Open AI's latest wonder: text to video with Sora

The latest sensation sweeping the Intertubes.

Some thoughts:
I don’t follow this space closely but I am stunned at the quality of the videos, the level of detail and the ability to modify on the fly. I would have guessed this would be years away.
I think what we have seen is already good enough to be used in short advertising videos. The video ad industry may be revolutionized practically overnight.

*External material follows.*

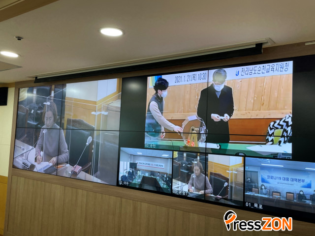 µµ±³À°Ã» °ü°èÀÚ¿Í ¸ñÆ÷¡¤¿©¼ö¡¤¼øÃµ °íµîÇб³ÀÔÇÐÃß÷°ü¸®À§¿øÈ¸ µîÀÌ Âü¼®ÇÑ °¡¿îµ¥ µµ±³À°Ã»°ú ¸ñÆ÷¡¤¿©¼ö¡¤¼øÃµ±³À°Áö¿øÃ»À» ¿¬°áÇØ ¿Â¶óÀÎ ¿µ»óȸÀÇ·Î ÁøÇàµÆ´Ù.

I wonder how much compute these videos require and I am guessing an enormous amount compared to a single picture in Dall-E. The full service will probably be expensive though possibly they may release a lower-quality service with strict quantity limits as part of the Chat GPT subscription.

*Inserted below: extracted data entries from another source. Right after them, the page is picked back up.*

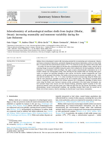 Sclerochemistry of archaeological mollusc shells from Inqitat (Dhofar, Oman): increasing seasonality and monsoon variability during the Late Holocene.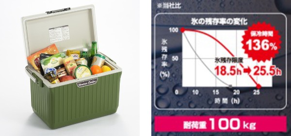 高性能断熱材を使用し、高い保冷効果を持つクーラーボックスです。発泡断熱材の厚みを約2倍、発泡倍率を30倍に性能を上げたことで、大幅に保冷時間のスペックが強化されました。食材や飲み物を美味しい温度で保ってくれるので、レジャー先でも大活躍間違いなしです。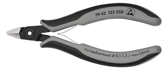 ESD · für feinste Schneidarbeiten z. B. in Elektronik und Feinmechanik · geschliffene, scharfe Schneiden · Schneiden zusätzlich induktiv gehärtet, Schneidenhärte ca. min. 64 HRC · ca. 20% weniger Gewicht · geschraubtes Gelenk · Öffnungsfeder · Chrom-Vanadin-Kugellagerstahl, geschmiedet, mehrstufig ölgehärtet · elektrisch ableitend - dissipativ

The scope for mischief, political and otherwise, is obvious. There are no doubt safety features to prevent the use of celebrities on these videos but smart people may find a way around them and there are lots of other harmful things people could do. It will be an interesting race between OpenAI and assorted miscreants, not least in a US Presidential election year.

The videos are a pretty huge leap above the next best, both in quality and duration. One of the most impressive ones to me is the cat in the 5th video of the last set.

Another one that especially impressed me was the second video in the 3rd set, the view out the train window that at one point passes through shadow and you can see the reflection of the passenger.

Here’s that cat video alone in a Twitter post:

Bloody hell! This is highly demotivating: why invest any effort at all in painting or drawing when the AI can do it effortlessly? I should learn prompting instead of drawing, where can I learn that?

That is insane.

I know how you feel. Whenever an AI thread like this one appears, you get some posters saying “what’s left for us humans now?” followed by other posters saying that the AI revolution will open up all kinds of new career opportunities. But doing what? Are we all to become mere AI prompt jockeys?

Studio head: this video of T Rexs battling woolly mammoths in an alien gladiatorial arena is amazing, Smith! I like the little touch of the rainy weather and the reflections from the wet floor of the open arena.

AI Prompt Jockey Smith: That was my idea, sir! I typed “the arena is open to the alien planet’s weather, and the floor of the arena is wet and reflects the action like a mirror”.

Studio head: Fantastic work, Smith! I see a promotion to Head AI Prompt Jockey in your future!

People said the same thing when photography became a thing. Why bother drawing or painting when a camera will do it effortlessly?

Wow.

Just so I’m clear, is AI generating these videos from nothing (versus finding it somewhere)?

That is correct, the videos are generated from the text prompt describing it.

But now it is digital, if you get my drift.

There is still a lot that AI can’t do and for the most part AI be more for brainstorming and raw material directly providing a polished final product. But yes the AI will get better and humans will have to constantly relearn new skills to fill in the gaps of what AI cannot do yet. As AI fills in those gaps, new gaps will appear and the rewards will go to the workers who can fill them the quickest. That is how work will be in the forseeable future.

There is a whole new emerging field of “prompt engineering”. You will find some resources on Youtube and the rest you can pick up on your own through trial and error.

My father is a bit nervous that AI videos will come out with a generated AI Biden saying something heinous and 2/3 of America will believe it enough to swing the election. Almost like the email harangues about Hillary’s computer.

That doesn’t seem beyond reason here.

I’ve posted this clip before in threads about generative AI, but this is the future I’ve always wanted. Tell the computer anything you want, the computer makes it.

(And the holodeck didn’t have celebrity “guard rails”, either. You want to date Leah Brahms? Sure, have at it!)

I mean, kind of? Mostly? (NB he mixes up left and right in the original tweet)

Well, not from nothing exactly - it’s producing these based on its training, which consists of ‘looking’ intently at a lot of existing videos.

It’s not copying those videos or making a collage of pieces of them, or anything as simple as that; it’s ‘watched’ a lot of videos and on the basis of that training, ‘knows’ how to make them.

Thanks. That answers my question.

And not pointing her phone at the window, thereby showing off that this video is impossible.

That was so rare for them to showcase the holodeck’s potential like that.

Another favorite holodeck scene in which inspired use of that tech enables an augmented intelligence hard takeoff:

Deep fakes have been a reality for a while unfortunately. Debunking them has become an industry.

Don’t forget the flip side of that which Trump tries to exploit frequently; that the existence of fake videos gives people the chance to claim a real video, audio, or photo is fake.

Extremely impressive alright, and I’m going to have to start doing some reading about it! But in the spirit of “a picture is worth a thousand words” and a video presumably many times more, ISTM that a great deal of the detail must be supplied by the AI unprompted since it would be practically impossible to describe it all. I imagine this must make heavy use of iteration.